• EXERCISE MATERIALS:
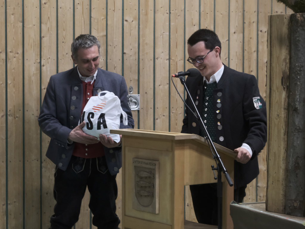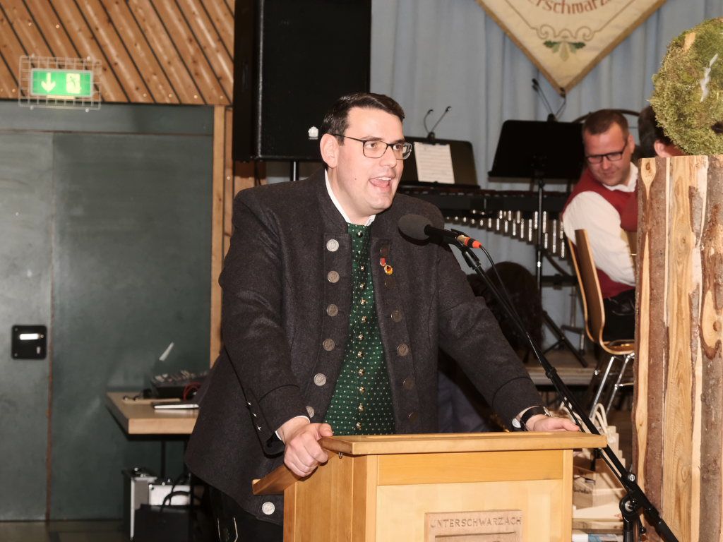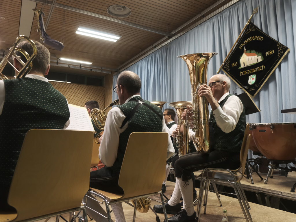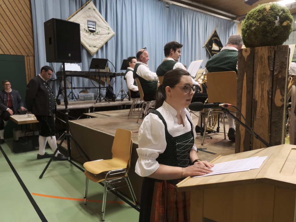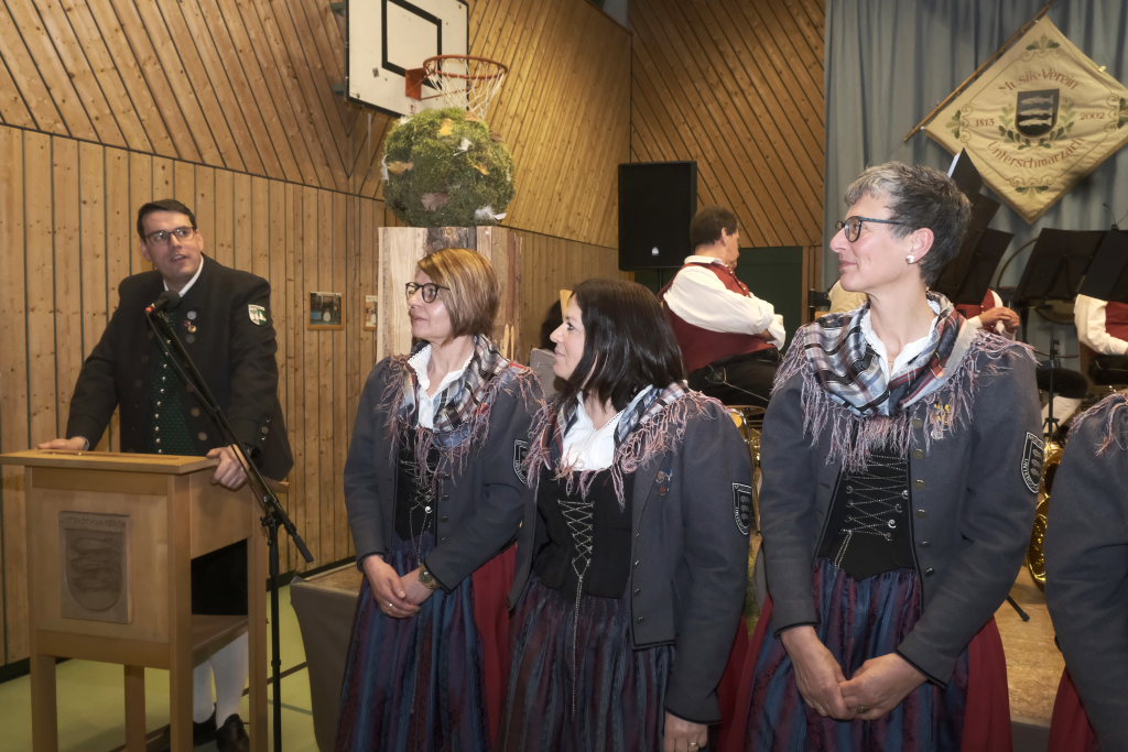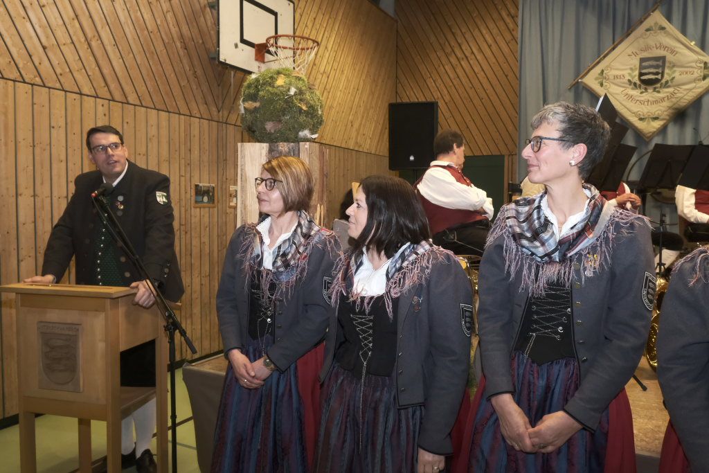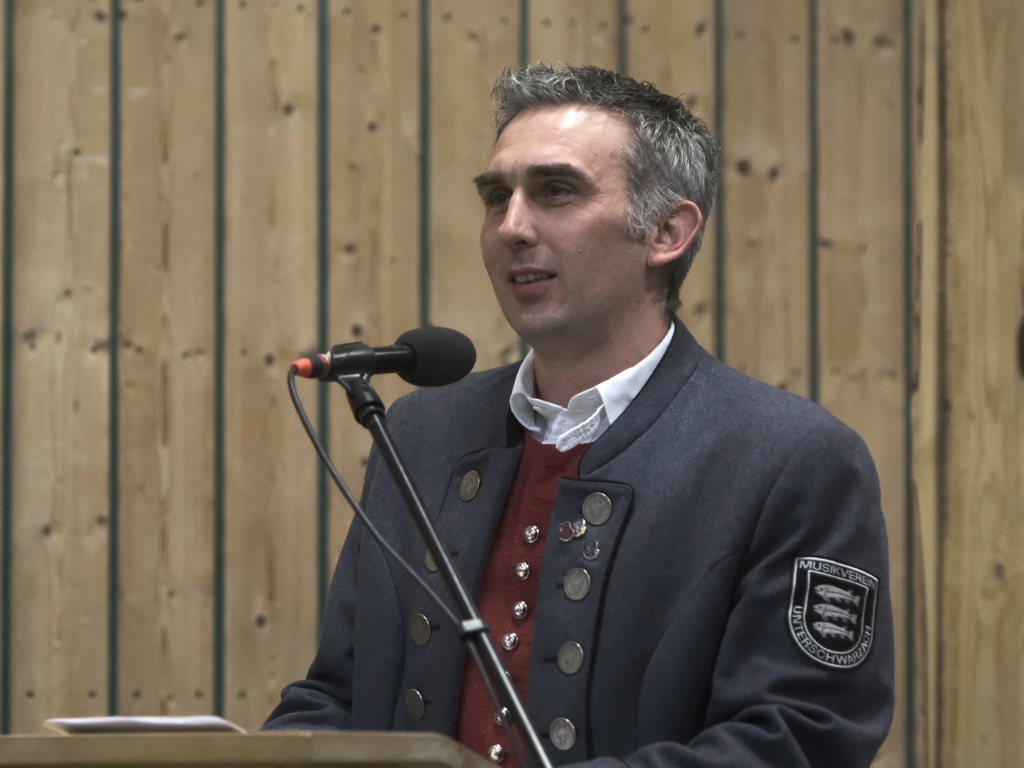 Nach seinem Dirigat mit dem MV Haisterkirch war für Klaus Wachter der Arbeitstag noch nicht zu Ende: Als stellvertretender Kreisverbandsvorsitzender des Blasmusikverbandes Ravensburg hatte er noch die Ehre (und das Publikum das Vergnügen), langjährige Musiker der Unterschwarzacher für 290 Jahre Musizieren mit Ehrenzeichen und Urkunden auszuzeichnen:
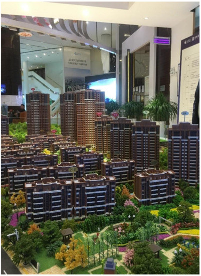 Whereas 3D modeling is frequently applied in the architecture and landscape design of neighborhood construction, the predominant sales methods are still in 2D. The traditional sales office provides tools, including a 3D sandbox (Figure 2), floorplan, model room, and display area. The term 3D sandbox refers to a scaled-down model of the actual neighborhood development. Buyers can see a simulation of the whole neighborhood and the surrounding environment. The floorplan is a scaled-down map showing the relationship between rooms, spaces, and other physical features inside one property from a horizontal top view. The model room shows a furbished property example. The display area includes both a model room and landscape elements (e.g., grass, trees, and art installations). Virtual reality (VR) may be the most popular 3D application reported by real estate sales managers, and it has been utilized for landscape presentations in the first-tier cities (e.g., Shanghai and Beijing), but not yet in Xi’an. This is likely due to (1) the inherent time-consuming and labor-intensive nature of VR, which adds an unnecessary cost in a robust property market like Xi’an, and (2) customer feedback. Buyers are apt to believe what they see in reality rather than virtual models. The model room and display area are considered enough of a representation.
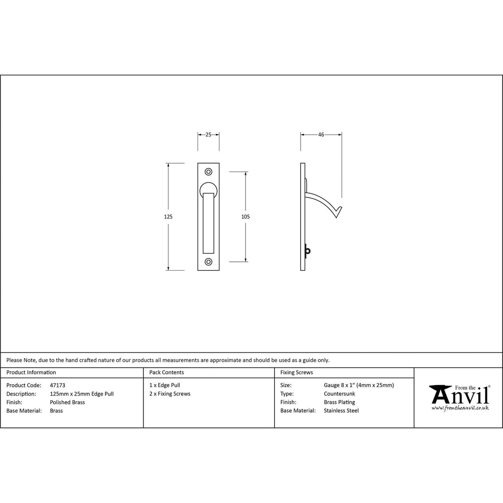 Polished Brass 125mm x 25mm Edge Pull | From The Anvil
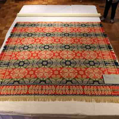 Coverlet. Andrew Kump. Jacquard; warp of natural and blue cotton; weft of natural cotton with green, navy and red wool. Two pieces, seamed down center. Double rose and leaf design on field; bird, flower and leaf border. 1847.
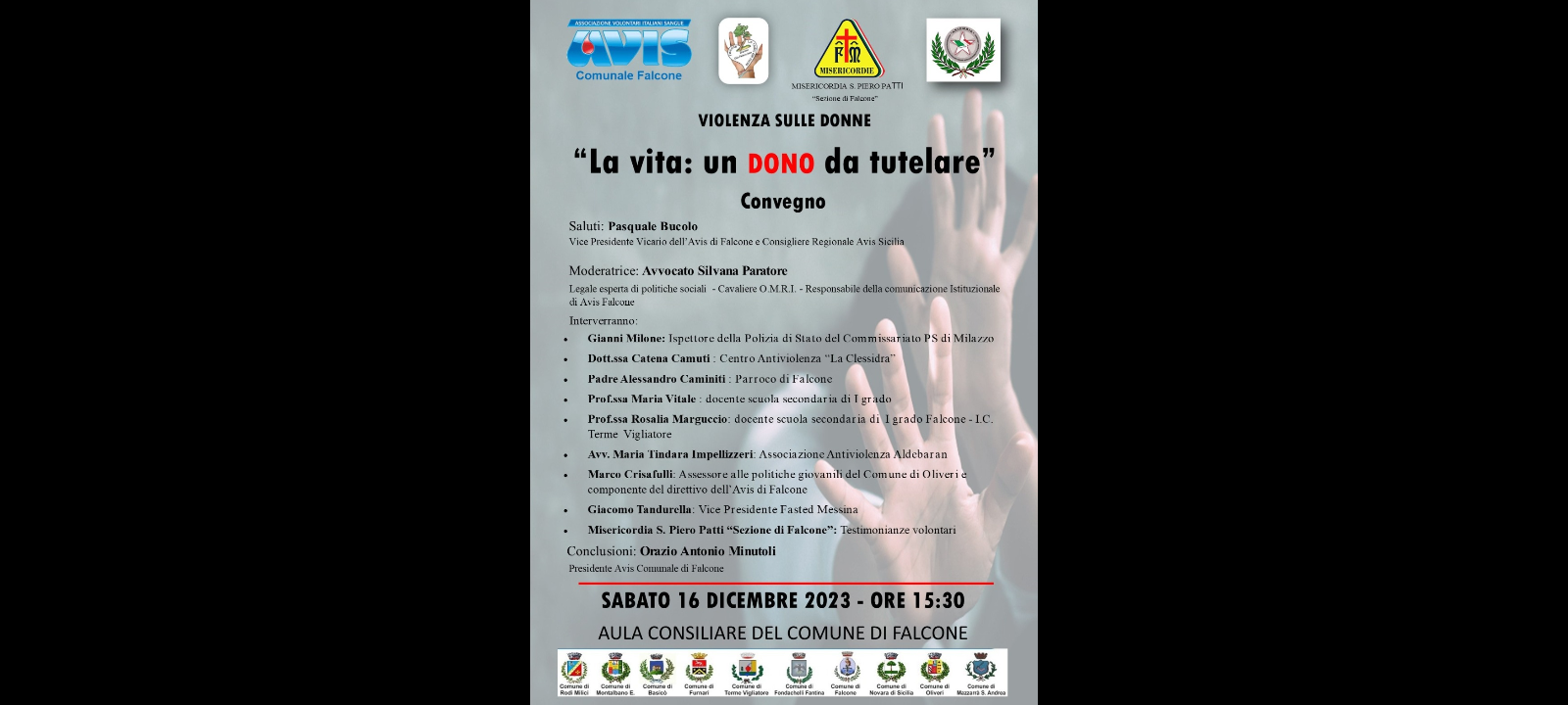 Si svolgerà sabato 16 dicembre 2023 con inizio alle ore 15:30 nell’Aula Consiliare del Comune di Falcone il convegno sul tema… Violenza sulle donne ‘La vita: Un DONO da tutelare”.
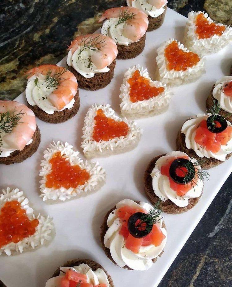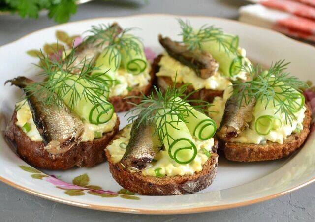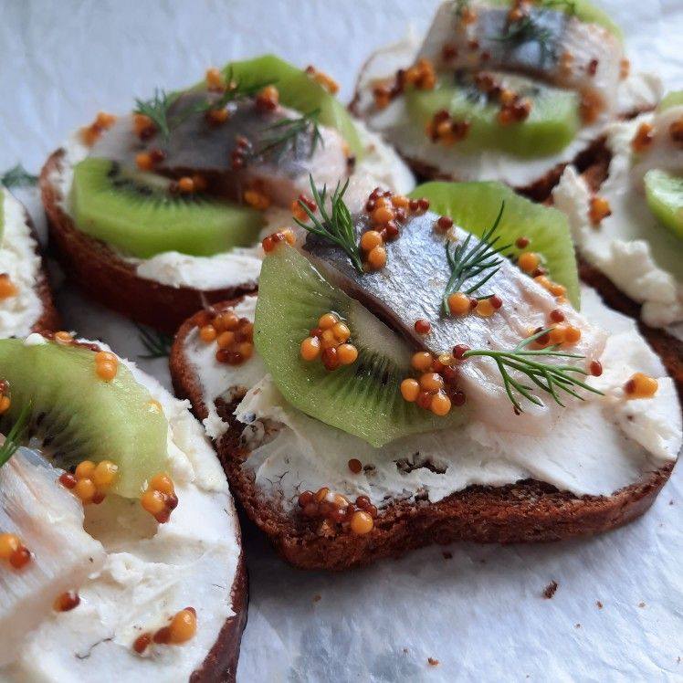 Ще простіше – канапки з лососем та авокадо. Скибка підсушеного хліба, тонкий шар пюре з авокадо, скибочка риби й кілька крапель лимонного соку. Такі закуски можна робити дуже маленькими, буквально «на один укус», щоб гість не мучився, намагаючись відкусити незграбну канапку й не забризкати святкову сорочку.
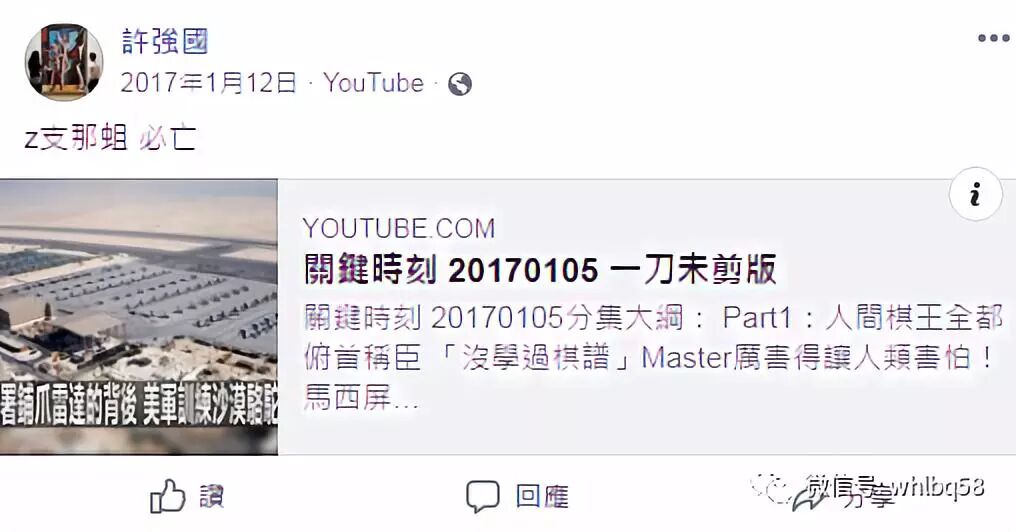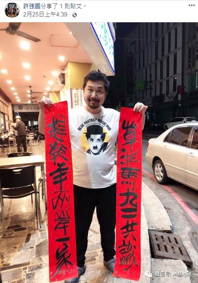 2017年1月12日,许强国在脸书狂言“支那蛆必亡”。他还发表了许多攻击大陆的“民运”分子视频,笔者就不在列举了。
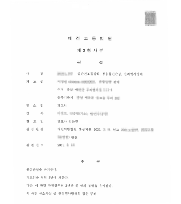 - 결과 일부무죄, 집행유예

• WHAT YOU SHOULD DO: Would you write out all of the data exactly as it stands, without the pictures?

• EXERCISE OUTPUT:
 Nach seinem Dirigat mit dem MV Haisterkirch war für Klaus Wachter der Arbeitstag noch nicht zu Ende: Als stellvertretender Kreisverbandsvorsitzender des Blasmusikverbandes Ravensburg hatte er noch die Ehre (und das Publikum das Vergnügen), langjährige Musiker der Unterschwarzacher für 290 Jahre Musizieren mit Ehrenzeichen und Urkunden auszuzeichnen:
 Whereas 3D modeling is frequently applied in the architecture and landscape design of neighborhood construction, the predominant sales methods are still in 2D. The traditional sales office provides tools, including a 3D sandbox (Figure 2), floorplan, model room, and display area. The term 3D sandbox refers to a scaled-down model of the actual neighborhood development. Buyers can see a simulation of the whole neighborhood and the surrounding environment. The floorplan is a scaled-down map showing the relationship between rooms, spaces, and other physical features inside one property from a horizontal top view. The model room shows a furbished property example. The display area includes both a model room and landscape elements (e.g., grass, trees, and art installations). Virtual reality (VR) may be the most popular 3D application reported by real estate sales managers, and it has been utilized for landscape presentations in the first-tier cities (e.g., Shanghai and Beijing), but not yet in Xi’an. This is likely due to (1) the inherent time-consuming and labor-intensive nature of VR, which adds an unnecessary cost in a robust property market like Xi’an, and (2) customer feedback. Buyers are apt to believe what they see in reality rather than virtual models. The model room and display area are considered enough of a representation.
 Polished Brass 125mm x 25mm Edge Pull | From The Anvil
 Coverlet. Andrew Kump. Jacquard; warp of natural and blue cotton; weft of natural cotton with green, navy and red wool. Two pieces, seamed down center. Double rose and leaf design on field; bird, flower and leaf border. 1847.
 Si svolgerà sabato 16 dicembre 2023 con inizio alle ore 15:30 nell’Aula Consiliare del Comune di Falcone il convegno sul tema… Violenza sulle donne ‘La vita: Un DONO da tutelare”.
 Ще простіше – канапки з лососем та авокадо. Скибка підсушеного хліба, тонкий шар пюре з авокадо, скибочка риби й кілька крапель лимонного соку. Такі закуски можна робити дуже маленькими, буквально «на один укус», щоб гість не мучився, намагаючись відкусити незграбну канапку й не забризкати святкову сорочку.
 2017年1月12日,许强国在脸书狂言“支那蛆必亡”。他还发表了许多攻击大陆的“民运”分子视频,笔者就不在列举了。
 - 결과 일부무죄, 집행유예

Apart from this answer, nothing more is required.